聖者の骨で立つ

戦闘が終わると、司教は施療礼拝堂の扉に鍵をかけた。

「聖遺物は明日の凱旋式で将軍に使う。雑兵へ浪費するな」

外では負傷兵が呻いている。腹を裂かれた者、脚を失った者、矢が肺へ入った者。外科士ヘリクは、祭壇下の金箱を見た。

《白骨の奇跡》は一人の致命傷を治すたび、術者の骨を一本、石へ変える。教会はその代価を伏せ、「聖者が無から肉を戻す」と献金を集めていた。実際に石になるのは、名も残らない施術係だった。

ヘリクは鍵を折った。

最初の兵士の胸へ聖者の骨片を当てる。裂けた肺が閉じた。同時に、ヘリクの左小指が白く硬化した。

二人目。右の肋骨が石になる。

三人目。膝蓋骨。

歩くたび、身体の中で陶器が触れ合う音がした。

司教が衛兵を連れて戻る。

「それは教会の財産だ!」

ヘリクは金箱を逆さにした。一本だけと聞かされていた聖者の骨が、床へ山のように転がる。教会は奇跡が尽きたふりをして、金貨を払える者のために隠していたのだ。

兵士たちの視線が司教へ集まる。

ヘリクは次の負傷者へ膝をついた。砕けた顎を戻し、自分の顎骨を石にする。声が重く濁った。

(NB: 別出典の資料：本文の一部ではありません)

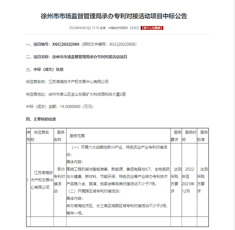 2022年06月23日,江蘇淮海技術(shù)產(chǎn)權交易中心成功中標徐州市市場(chǎng)監督管理局“承辦專(zhuān)利對接活動(dòng)”項目,該項目是圍繞我市“六大”戰略性新興產(chǎn)業(yè)及特色農業(yè)產(chǎn)業(yè)而舉辦的系列專(zhuān)利對接活動(dòng),目的是促進(jìn)優(yōu)質(zhì)專(zhuān)利轉移轉化,服務(wù)我市技術(shù)創(chuàng )新和產(chǎn)業(yè)高質(zhì)量發(fā)展。
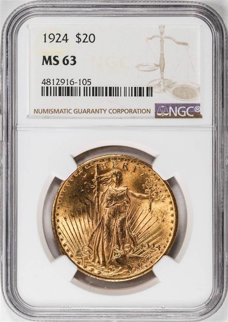 One 1924 $20 St Gaudens Double Eagle Gold Coin NGC MS63. NGC Certified.
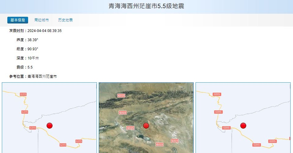 即時兩岸 青海海西州5.5級地震 有民眾稱震感強 (10:28) 發佈於 2 年 前 2024 年 4 月 4 日 By 明報 【10:28更新】中國地震台網測定,今早(4日)8時39分在青海海西州茫崖市附近,發生5.5級地震,位置在北緯38.39度,東經90.93度,震源深度10公里。 中新社報道,根據移動人口大數據分析,震央20公里範圍內人口數約1.1萬、50公里範圍內約1.3萬、100公里範圍內約2萬。今次地震周邊20公里內的鄉鎮有花土溝鎮。 據茫崖市民眾反映,今早地震震感強烈,屋內吊燈晃動劇烈。茫崖市委宣傳部工作人員向中新社表示,暫未接獲傷亡報告。(中國地震台網/中新社) 相關文章:地震編輯推介青海 Up Next 花蓮立委家中雜物遍地體會無助 籲堅毅修復家園 (15:46) 不要錯過 花蓮地震25年來最強 高鐵捷運一度停駛 蘇花公路山崩、龜山島崩落【短片】 (10:37) 繼續閱讀 贊助商 猜你喜歡 阿富汗北部地震 最少20死500傷 【東京】鏡頭下的震災重生敘事 雲南普洱市景谷縣發生3.6級地震 (16:25) 話你知:熱門線78公里行4天 多入口搜救存難度 青海老虎溝行山者被困 1人遇難 137人獲救 (13:54) 青海門源縣通告 嚴禁穿越祁連山禁區 (21:58)

さらに肩、腕、骨盤。治した人数が増えるほど、彼は曲がらなくなった。衛兵が止めようとしても、回復した兵士たちが道を塞いだ。

最後に運ばれてきたのは、戦場へ水を運んでいた少年だった。背骨が折れ、足先はもう冷たい。

残っている柔らかな骨は、ヘリクの背骨だけだった。

「それを使えば、お前は立てなくなる」と司教が言う。

「今まで誰の骨で、あなたは立っていた」

ヘリクは少年の背へ骨片を置いた。

白光が弾ける。少年の脚が震え、爪先が動く。

ヘリクの背中では、椎骨が上から順に石へ変わった。痛みより先に、身体が一本の柱となる。彼は膝を曲げられず、腕も上げられず、祭壇の前に直立したまま止まった。

夜明け、救われた兵士たちは司教を金箱の前へ連れ出した。

少年がヘリクへ礼を言う。返事はない。石になった顎は動かず、白い肋骨は呼吸を許さない。

それでも透明になった皮膚の下で、完全な石の骨格が朝日を反した。

教会が隠していた最後の聖遺物は箱の中ではなく、百人を救った男の身体に立っていた。